AI suggestions can also be as simple as autocomplete and still be counted for the sake of engagement metrics.

Oh and in enterprise settings and especially MS shops Github Copilot is being pushed everywhere, (forceful) adoption rates are much higher than the market average.

Hydraulix989•8mo ago
Right, they're not going to want to risk breaking legacy application behavior.
pier25•8mo ago
I don't believe it either but they probably meant 30% of the code committed not of their total codebase.
gorjusborg•8mo ago
By trying to understand, I believe you are expending more thought and effort by far than was made to make the statement.
dessimus•8mo ago
If any line of any codebase was written by AI, then up to 30% can be true, in the way that my ISP will claim ~900 Mbps still qualifies as up to 2 Gbps.
whobre•8mo ago
And 75% of my code was “written” by copy/pasting…
CyberMacGyver•8mo ago
Based on how overzealous these models[0] are to over engineer a solution it’s not surprising. I would imagine the real number is significantly lower.

[0] Claude 3.7 in my recent experience

williamtrask•8mo ago
If this isn’t jumping the shark it’s darn close.
lotsoweiners•8mo ago
Technically 0.5% qualifies as up to 30% to the marketing crowd.
andsoitis•8mo ago
> Satya Nadella said that 20%-30% of code inside the company’s repositories was “written by software”

and

> The Microsoft CEO said the company was seeing mixed results in AI-generated code across different languages, with more progress in Python and less in C++.

So the CEO of Microsoft is saying that 20 - 30% of their code is being produced by computer systems that write poor code?

A4ET8a8uTh0_v2•8mo ago
Honestly, it is disappointing. Even joke jobs are taken away by LLMs. For shame.
mech422•8mo ago
So was it AI or code gen tools (interfaces generators, scaffolding, etc ?)
methuselah_in•8mo ago
Horrible why would you not let people eat on earth and in the name of saving you take away jobs. Let the AI because helpful as a tool to help people not to just take away jobs.
maronato•8mo ago
> Microsoft CEO Satya Nadella said that 20%-30% of code inside the company’s repositories was “written by software” — meaning AI

Does it mean AI though?

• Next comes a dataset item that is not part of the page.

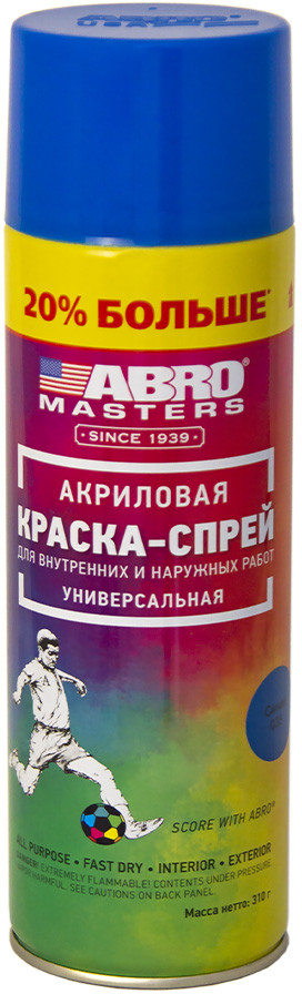 Краска-спрей Abro Masters — применяется для окраски металлических и деревянных поверхностей различных предметов как при внутренних (домашних), так и при наружных работах. После высыхания краска-спрей не токсична.

Lots of lines in repositories are generated by software that isn’t AI. Dependency lock files, proto files, etc

IMO the wording is intentionally misleading.

karmakaze•8mo ago
Lot of leeway there. Almost 100% of my source is written by my text editor.
returnInfinity•8mo ago
Doesn't mean 30% more productivity
bananapub•8mo ago
the actual quote (https://www.nbclosangeles.com/news/business/money-report/sat...):

> "I'd say maybe 20%, 30% of the code that is inside of our repos today and some of our projects are probably all written by software," Nadella said during a conversation before a live audience with Meta CEO Mark Zuckerberg.

which is clearly untrue, one assumes he meant "20%, 30% written since 2023 was partially generated by an LLM operated by a developer", but that doesn't sell stock.

masteruvpuppetz•8mo ago
My current VBA coding is all generated by Chat-GPT/Claude/Deepseek.

There is no use of writing VBA these days :@

Ekaros•8mo ago
Generated by software -> generated by AI seems huge logical leap. Then again maybe it can be for given meaning of "AI".

Not that 30% of code being automatically generated from templates or in some algorithmic way seem unbelievable. There is likely lot of code that could be generated by other code and it might even be reasonable choice.